Task description = Exclude all pictures, then copy each of the records exactly as written.

[[ Exercise data, beginning ]]

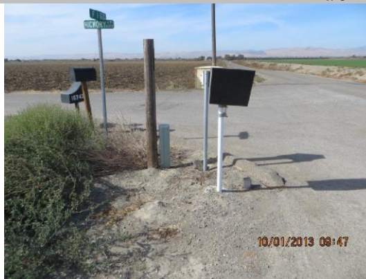
Communication line access box on LS shoulder.
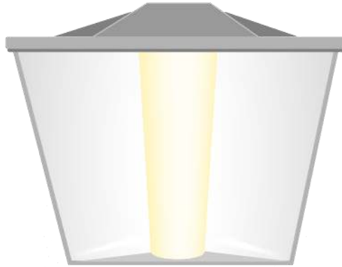
Figure 2: Isometric view of a troffer with luminous basket and non-luminous panels on each side. The luminous shape would have the width, length and height of the rectangle or rectangle with luminous sides encompassing entire luminaire.

For example, for a troffer with a luminous basket, the length, width and height of the entire luminaire must be represented as a rectangle with luminous sides or a rectangle, per Annex D in IES LM-63-02 (R2008). Figure 2 through Figure 5 show examples of luminous shapes for luminaires in each General Application.
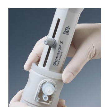
Easy replacement of the complete dispensing unit without tools – dispensing unit is fully adjusted.
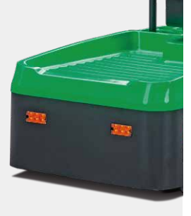
Front and rear flashing lights
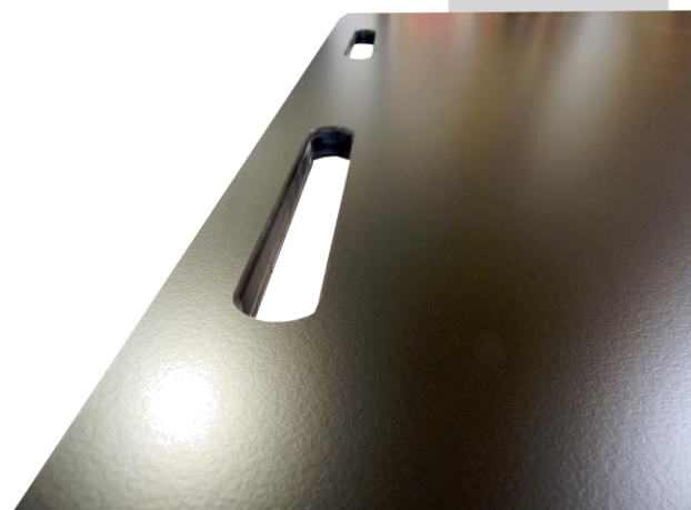
Slit for pipe and tubing
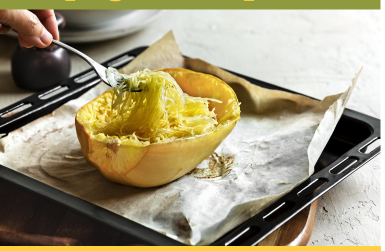
Serves 2-8, 1 squash, $0.75-$1.50 per pound
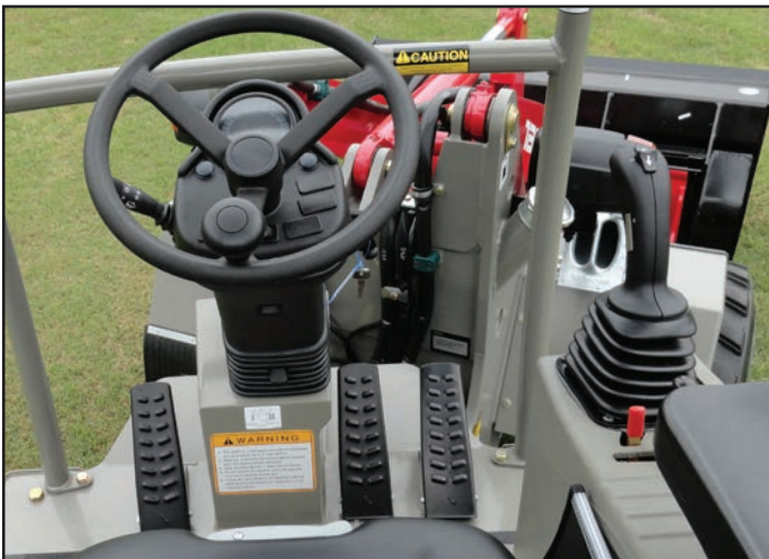
Operator's Station - Canopy
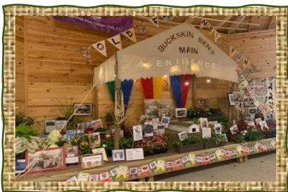
MAGCI Floral Hall Display
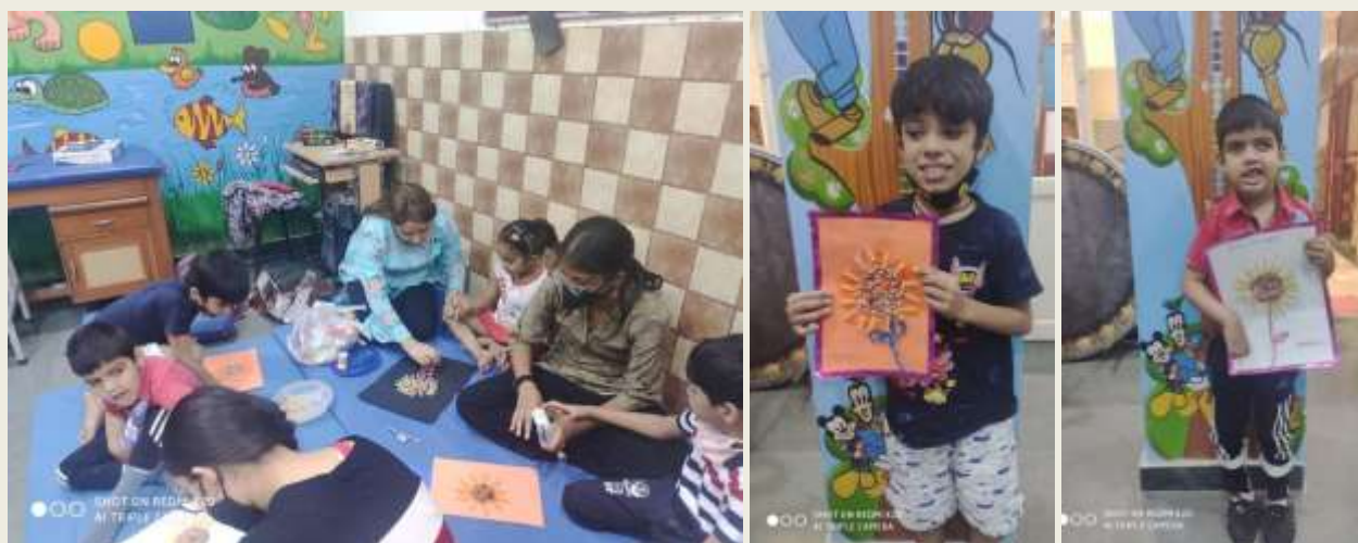
Art & Craft Activity with Pasta and Red Beans to make Sunflower organized by Occupational Therapy Department for patient of Children with Disabilities
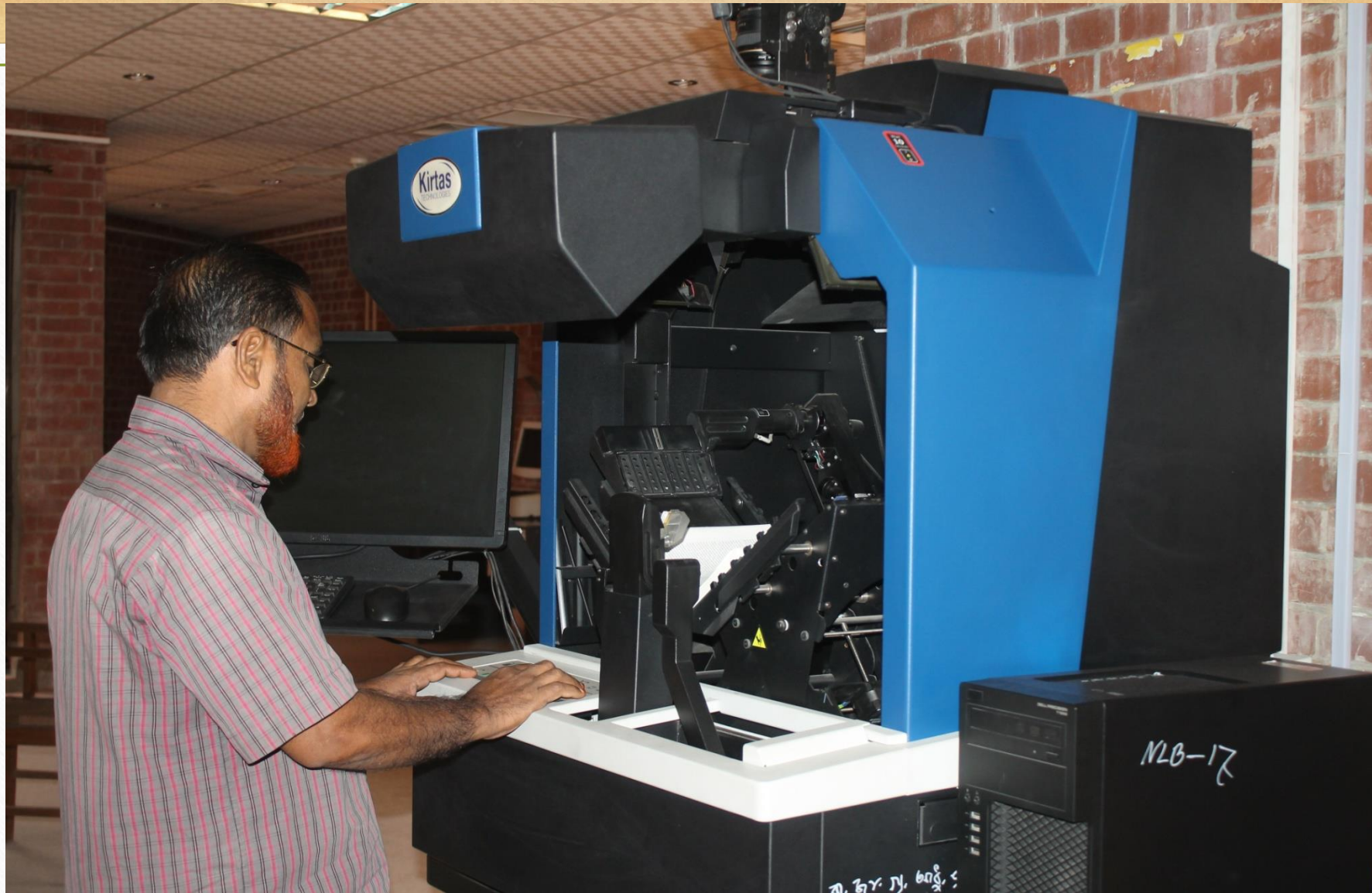
Digitization of documents using Automatic Book Scanner
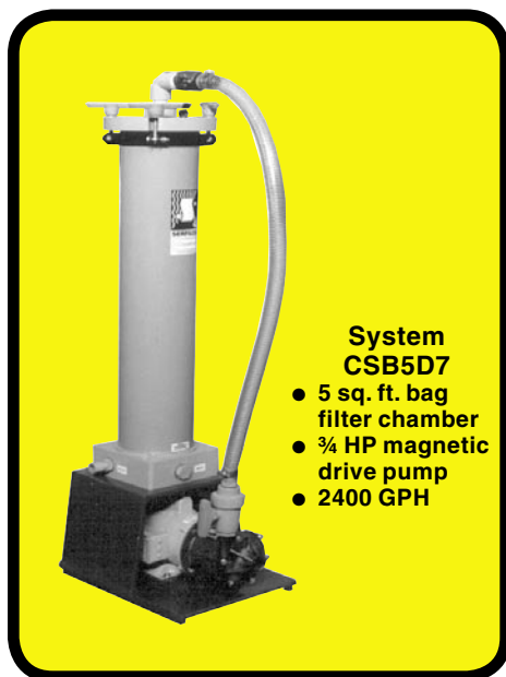
System CSB5D7 ● 5 sq. ft. bag filter chamber ● ¾ HP magnetic drive pump ● 2400 GPH
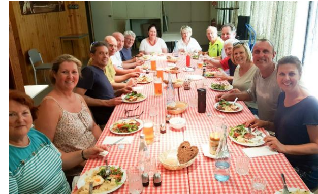
Working bee lunch
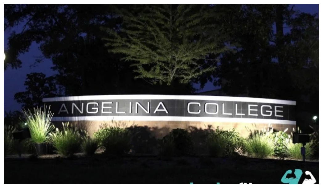
Angelina college all
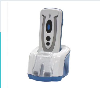
Smart Cradle Solution

Built with the advanced FuzzyScan 3.0 imaging technology, Cino Bluetooth pocket scanner is capable of reading most popular 1D, Linear-stacked, PDF417, GS1 DataBar and Composite barcodes. It can read 13 mil UPC/EAN barcode up to 24" as well as 3 mil high density barcode.
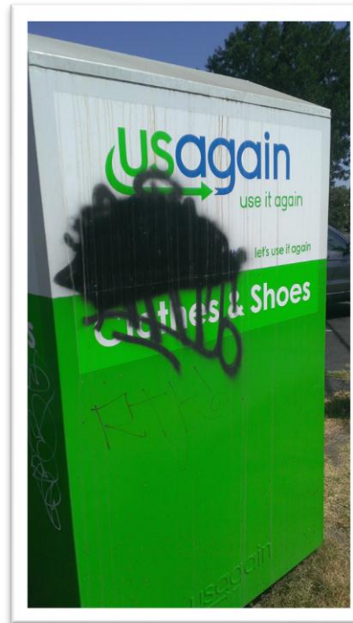
Unattended bin, Country Club Boulevard, Stockton

Despite the proliferation of the for-profit unattended collection bins, the Grand Jury found no uniform city or county ordinances to regulate the placement and maintenance of for-profit bins.
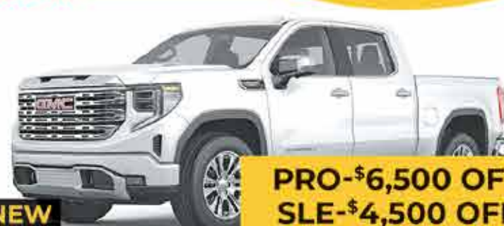
NEW 2024 GMC SIERRA 1500 SERIES PRO-$6,500 OFF SLE-$4,500 OFF SLT-$6,500 OFF DENALI-$7,500 OFF
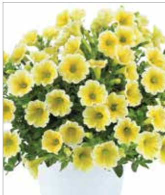
Scoop Lemon Ice
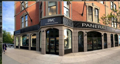
2 NEWBURY - IWC & PANERAI
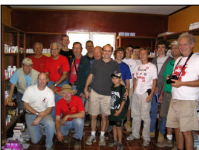
Above: Midlife Men on a Mission group poses for a picture while delivering much needed medications for the clinic.
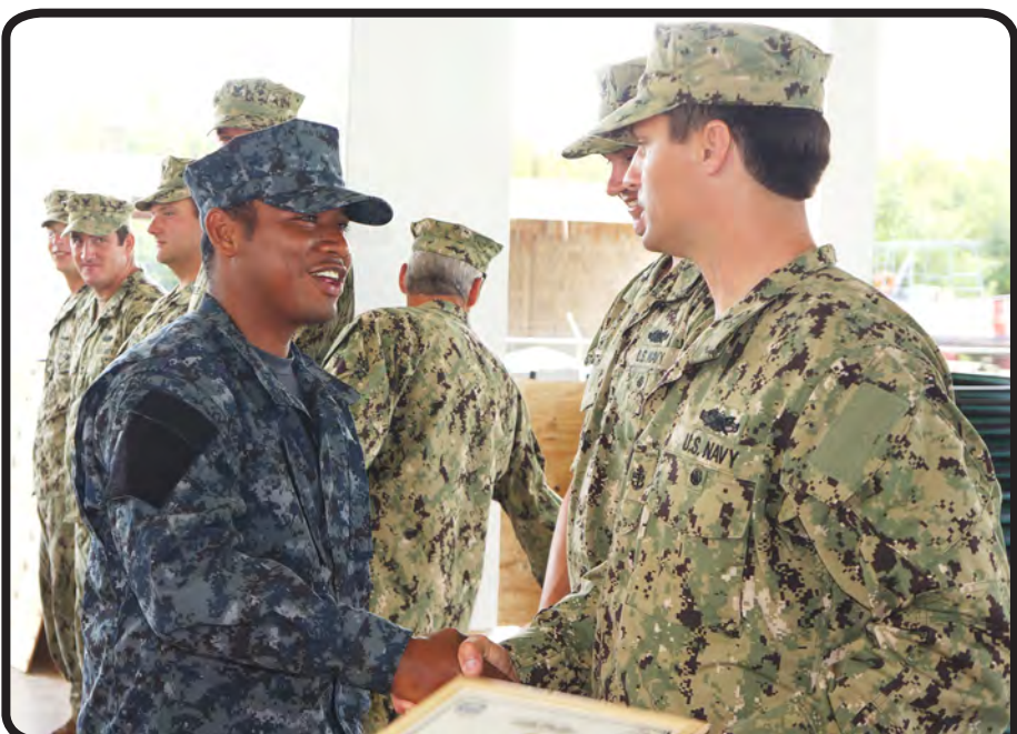
A member of the Belizean team receives his certificate

(ADU) of the Belize National Police Force, who all completed a five-week intensive Special
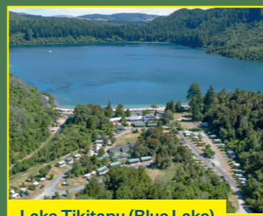
Lake Tikitapu (Blue Lake)
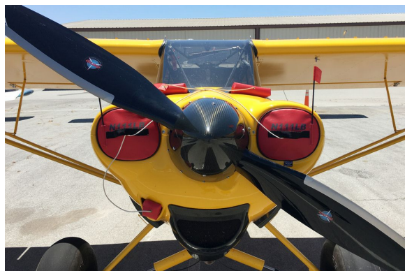
Cub Crafters CC-11 Carbon Cub Engine Plugs
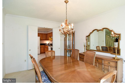
Separate Dining Room
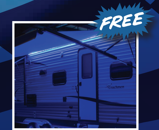
REMOTE OPERATED POWER AWNING WITH LED LIGHT
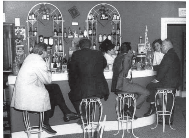
Do you recognise this hotel bar from 1967? It's either a hotel bar in Portobello or the old 'Links' in Bruntsfield.
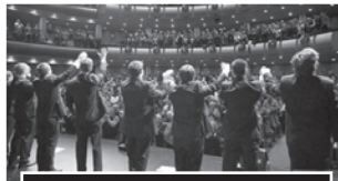
STRAIGHT NO CHASER
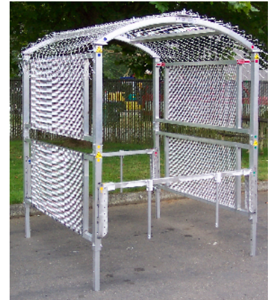
Fully assembled Cage
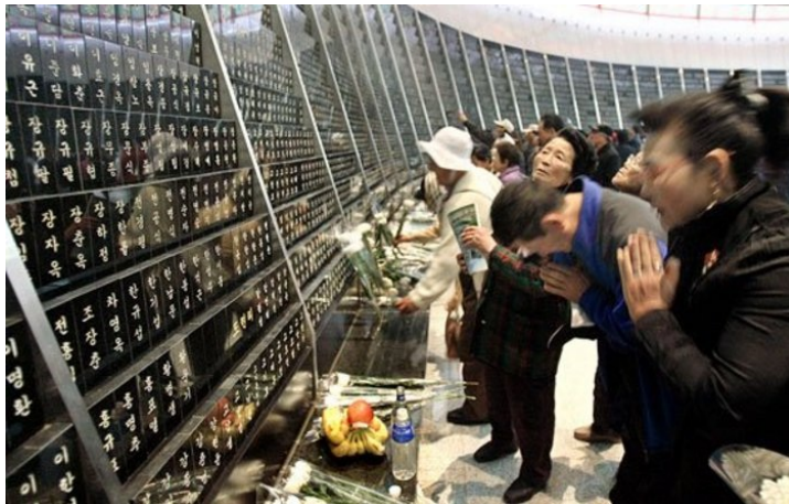
Prayers at the wall inscribing the names of the estimated 30,000 Jeju victims in the Jeju Peace Memorial Park

The Jeju April 3 incident of 1948 occurred shortly before the first general election, and was unique in the number of victims, and the lasting effect on the Jeju Island. [6] Embedded in a strong collective regional identity, the Jeju people's tragedy became a popular theme for novels and poems. While the victims' families fought alone to settle the Guchang incident, the Jeju Incident succeeded in drawing the active support of intellectuals and activists and received wide local media attention. Its historical importance in the road to the establishment of the divided governments in the Korean peninsula and the strong sense of collective victimization of Jeju people contributed to making it a national agenda after democratization. The transformation of the political and ideological landscape conditioned by democratization, along with supporters petitioning for reconciliation, emboldened the surviving families to divulge their stories. Scholars and journalists have confirmed that most of the victims of the Incident were innocent civilians, whose stories are now told in the April 3 Peace Park and Memorial Museum which opened in 2008.
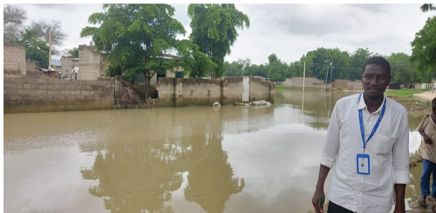
Flooded area in Damagum, Fune LGA
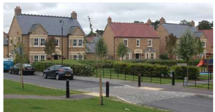
At Fairfield Park in Bedfordshire, vertical calming and 'pinch points' remind drivers they are in a 20mph zone

A pavement that has lots of variation in levels and dropped kerbs to enable cars to cross it can encourage unofficial parking up on the kerb and may make movement less easy for those pushing a pushchair, in a wheelchair or walking with a stick or walking frame.
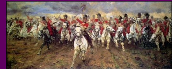
The Battle of Waterloo
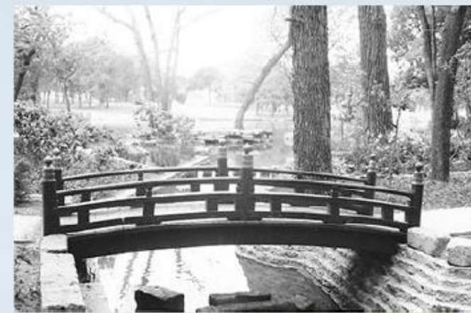
ORIGINAL PEDESTRIAN BRIDGE KIDD SPRINGS JAPANESE GARDENS

[[ Exercise data, end ]]

Exercise solution =
Communication line access box on LS shoulder.
Figure 2: Isometric view of a troffer with luminous basket and non-luminous panels on each side. The luminous shape would have the width, length and height of the rectangle or rectangle with luminous sides encompassing entire luminaire.

For example, for a troffer with a luminous basket, the length, width and height of the entire luminaire must be represented as a rectangle with luminous sides or a rectangle, per Annex D in IES LM-63-02 (R2008). Figure 2 through Figure 5 show examples of luminous shapes for luminaires in each General Application.
Easy replacement of the complete dispensing unit without tools – dispensing unit is fully adjusted.
Front and rear flashing lights
Slit for pipe and tubing
Serves 2-8, 1 squash, $0.75-$1.50 per pound
Operator's Station - Canopy
MAGCI Floral Hall Display
Art & Craft Activity with Pasta and Red Beans to make Sunflower organized by Occupational Therapy Department for patient of Children with Disabilities
Digitization of documents using Automatic Book Scanner
System CSB5D7 ● 5 sq. ft. bag filter chamber ● ¾ HP magnetic drive pump ● 2400 GPH
Working bee lunch
Angelina college all
Smart Cradle Solution

Built with the advanced FuzzyScan 3.0 imaging technology, Cino Bluetooth pocket scanner is capable of reading most popular 1D, Linear-stacked, PDF417, GS1 DataBar and Composite barcodes. It can read 13 mil UPC/EAN barcode up to 24" as well as 3 mil high density barcode.
Unattended bin, Country Club Boulevard, Stockton

Despite the proliferation of the for-profit unattended collection bins, the Grand Jury found no uniform city or county ordinances to regulate the placement and maintenance of for-profit bins.
NEW 2024 GMC SIERRA 1500 SERIES PRO-$6,500 OFF SLE-$4,500 OFF SLT-$6,500 OFF DENALI-$7,500 OFF
Scoop Lemon Ice
2 NEWBURY - IWC & PANERAI
Above: Midlife Men on a Mission group poses for a picture while delivering much needed medications for the clinic.
A member of the Belizean team receives his certificate

(ADU) of the Belize National Police Force, who all completed a five-week intensive Special
Lake Tikitapu (Blue Lake)
Cub Crafters CC-11 Carbon Cub Engine Plugs
Separate Dining Room
REMOTE OPERATED POWER AWNING WITH LED LIGHT
Do you recognise this hotel bar from 1967? It's either a hotel bar in Portobello or the old 'Links' in Bruntsfield.
STRAIGHT NO CHASER
Fully assembled Cage
Prayers at the wall inscribing the names of the estimated 30,000 Jeju victims in the Jeju Peace Memorial Park

The Jeju April 3 incident of 1948 occurred shortly before the first general election, and was unique in the number of victims, and the lasting effect on the Jeju Island. [6] Embedded in a strong collective regional identity, the Jeju people's tragedy became a popular theme for novels and poems. While the victims' families fought alone to settle the Guchang incident, the Jeju Incident succeeded in drawing the active support of intellectuals and activists and received wide local media attention. Its historical importance in the road to the establishment of the divided governments in the Korean peninsula and the strong sense of collective victimization of Jeju people contributed to making it a national agenda after democratization. The transformation of the political and ideological landscape conditioned by democratization, along with supporters petitioning for reconciliation, emboldened the surviving families to divulge their stories. Scholars and journalists have confirmed that most of the victims of the Incident were innocent civilians, whose stories are now told in the April 3 Peace Park and Memorial Museum which opened in 2008.
Flooded area in Damagum, Fune LGA
At Fairfield Park in Bedfordshire, vertical calming and 'pinch points' remind drivers they are in a 20mph zone

A pavement that has lots of variation in levels and dropped kerbs to enable cars to cross it can encourage unofficial parking up on the kerb and may make movement less easy for those pushing a pushchair, in a wheelchair or walking with a stick or walking frame.
The Battle of Waterloo
ORIGINAL PEDESTRIAN BRIDGE KIDD SPRINGS JAPANESE GARDENS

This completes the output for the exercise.